(TASK TO CARRY OUT) What is needed is an exact repetition of the lines below, from the first one through the one holding "2017年10月31日,在上海中共一大会址纪念馆,习近平带领其他中共中央政治局常委同志一起重温入党誓词。 新华社记者 兰红光", with no pictures and nothing else.

(SUPPLIED INFORMATION)

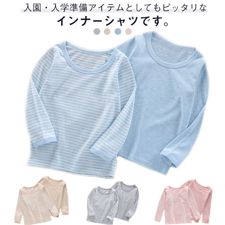 キッズ 女の子 クールネック 春夏秋 インナーシャツ 2枚組 薄手 男女兼用 長袖 インナー 通気性 無地 トップス 丸首 Tシャツ 120 肌着 ジュニア 男の子 130 100 110 子供 90
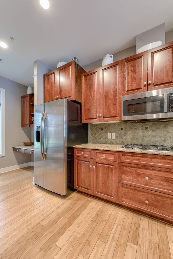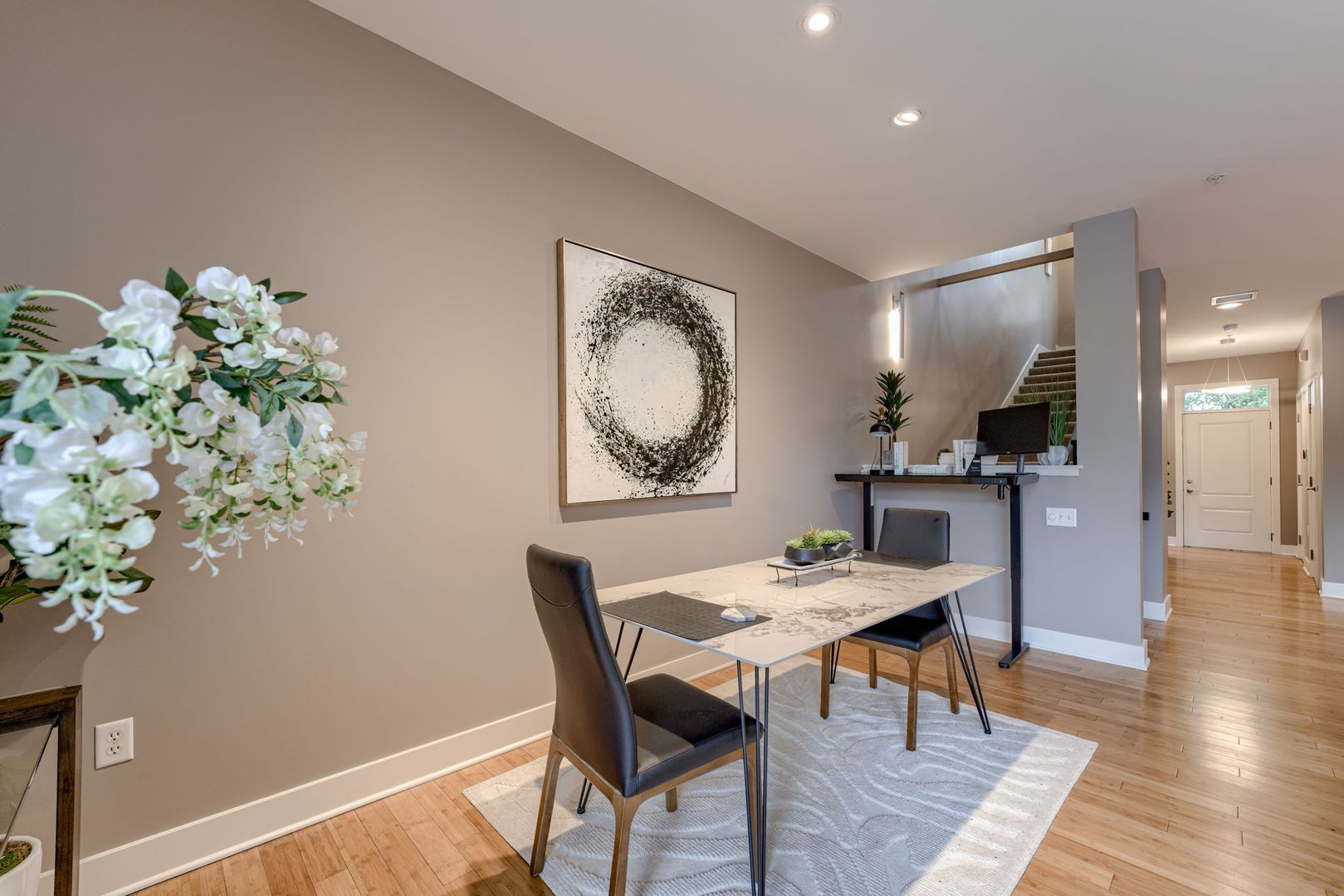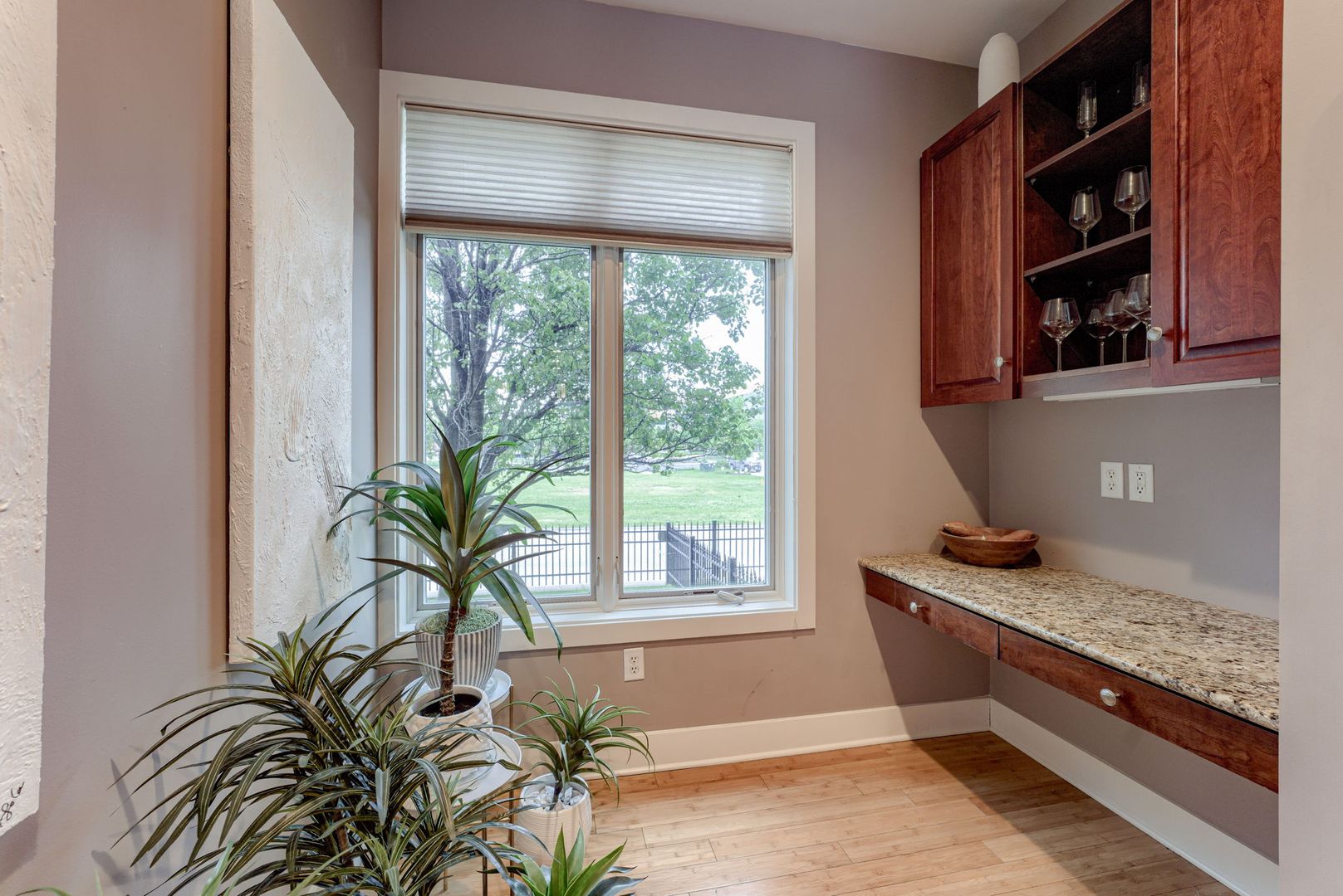 The main level offers a spacious, open-concept layout flooded with natural light, perfect for both everyday living and entertaining. The modern kitchen is thoughtfully designed with ample counter space and storage, plus a convenient corner featuring a built-in desk and additional cabinetry, ideal for a home office or organization hub.
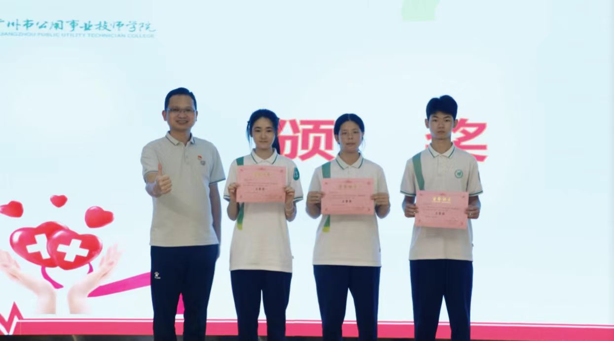 学院专职党委副书记陈苹为优秀选手颁发“校园应急救护之星”证书
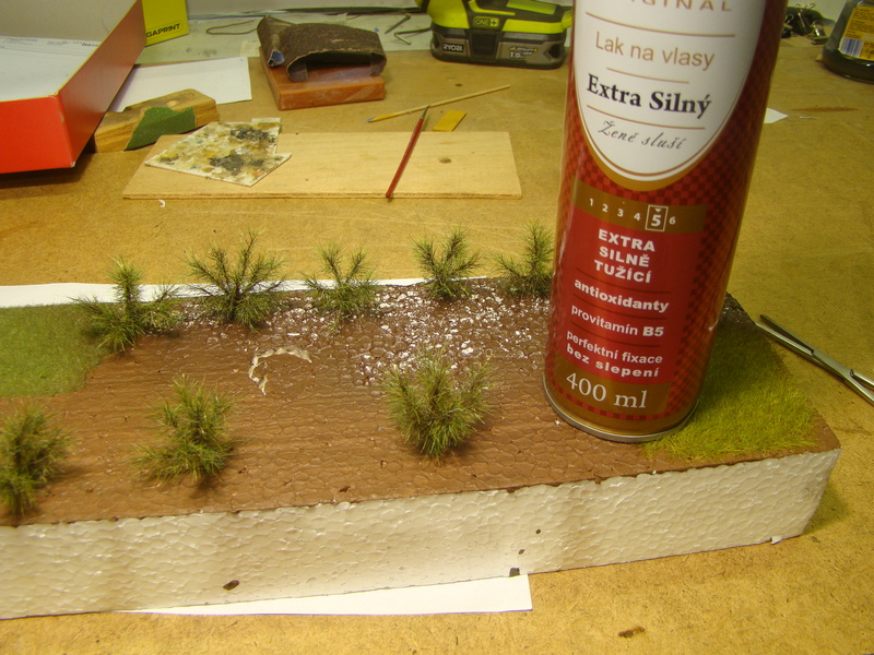 Po zaschnutí lepidla jsem keře nastrkal do polystyrenu a celé přestříkal barvou ve spreji DUPLICOLOR Aerosol art odstín 8017 matný.
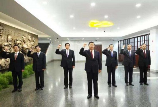 2017年10月31日,在上海中共一大会址纪念馆,习近平带领其他中共中央政治局常委同志一起重温入党誓词。 新华社记者 兰红光 摄
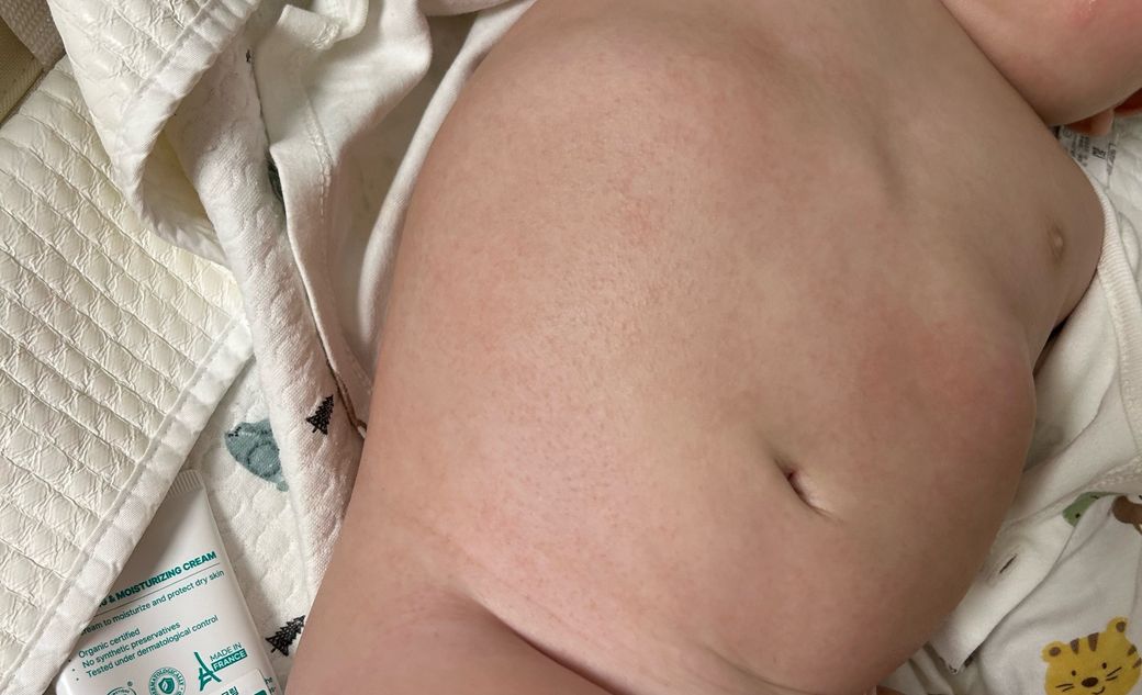 사진에서 보이는 병변은 복부에 미세한 붉은 구진들이 넓게 퍼져 있는 형태로, 전형적인 음식 알레르기 두드러기보다는 땀띠 또는 열성 발진(태열)에 더 가까운 양상입니다. 두드러기형 알레르기 반응은 보통 경계가 비교적 뚜렷한 팽진 형태로 올라오며, 갑자기 생겼다가 수 시간 내 위치가 바뀌거나 사라지는 경우가 많고 가려움이 동반되는 경우가 흔합니다. 사진에서는 그런 팽진 형태보다는 잔잔한 구진성 발진 양상입니다.
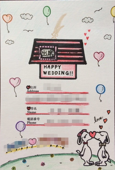 結婚式招待状の返信ハガキにスヌーピー♡*zunko* 〜北欧マリメッコのハンドメイドとネイルといろいろ。
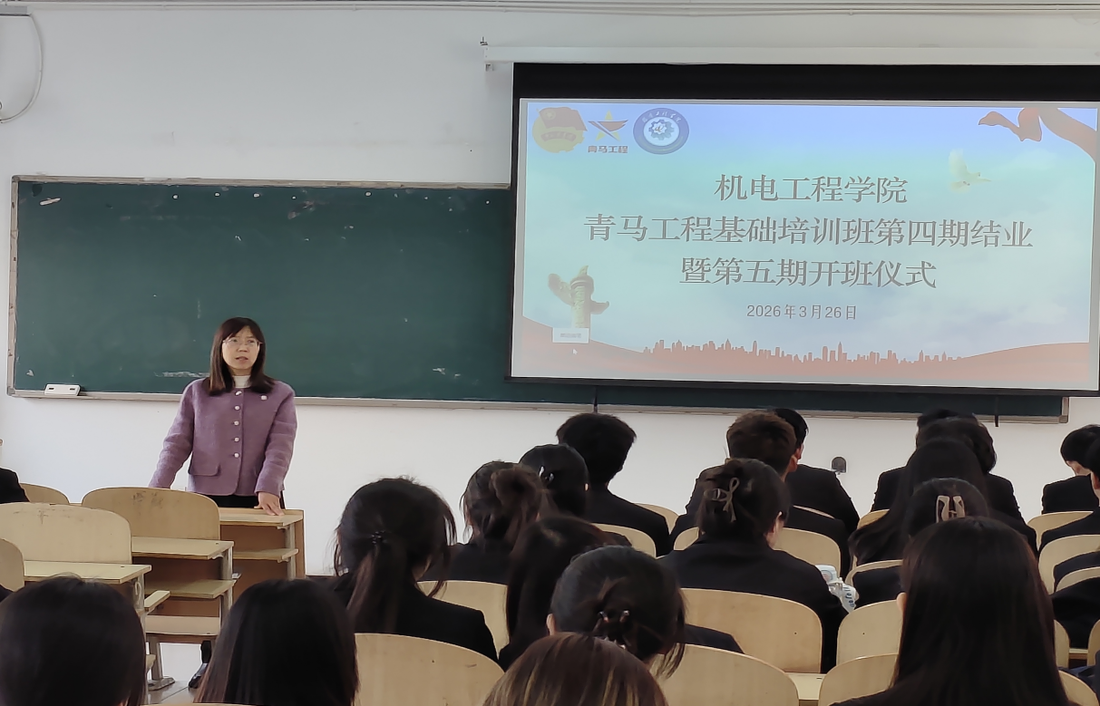 为激励广大青年学子坚定理想信念、勇担时代使命,进一步提升青年骨干的理论素养与实践能力,近日,机电工程学院青马工程基础培训班第四期结业暨第五期开班仪式于一教116顺利举行。团总支书记韩聪聪,团总支学生副书记武若凡、梅雨婷及青马工程第四期与第五期全体学员出席会议,秘书处邹鑫博主持仪式。会议伊始,全体学员起立奏唱国歌,仪式在庄严的氛围中正式拉开帷幕。主持人邹鑫博介绍第四期青马工程基础培训班开展情况,总结系列学习实践活动,并祝贺全体学员顺利结业。随后,韩老师为第四期合格结业学员颁发荣誉证书。

(YOUR RESPONSE)
 キッズ 女の子 クールネック 春夏秋 インナーシャツ 2枚組 薄手 男女兼用 長袖 インナー 通気性 無地 トップス 丸首 Tシャツ 120 肌着 ジュニア 男の子 130 100 110 子供 90
 The main level offers a spacious, open-concept layout flooded with natural light, perfect for both everyday living and entertaining. The modern kitchen is thoughtfully designed with ample counter space and storage, plus a convenient corner featuring a built-in desk and additional cabinetry, ideal for a home office or organization hub.
 学院专职党委副书记陈苹为优秀选手颁发“校园应急救护之星”证书
 Po zaschnutí lepidla jsem keře nastrkal do polystyrenu a celé přestříkal barvou ve spreji DUPLICOLOR Aerosol art odstín 8017 matný.
 2017年10月31日,在上海中共一大会址纪念馆,习近平带领其他中共中央政治局常委同志一起重温入党誓词。 新华社记者 兰红光 摄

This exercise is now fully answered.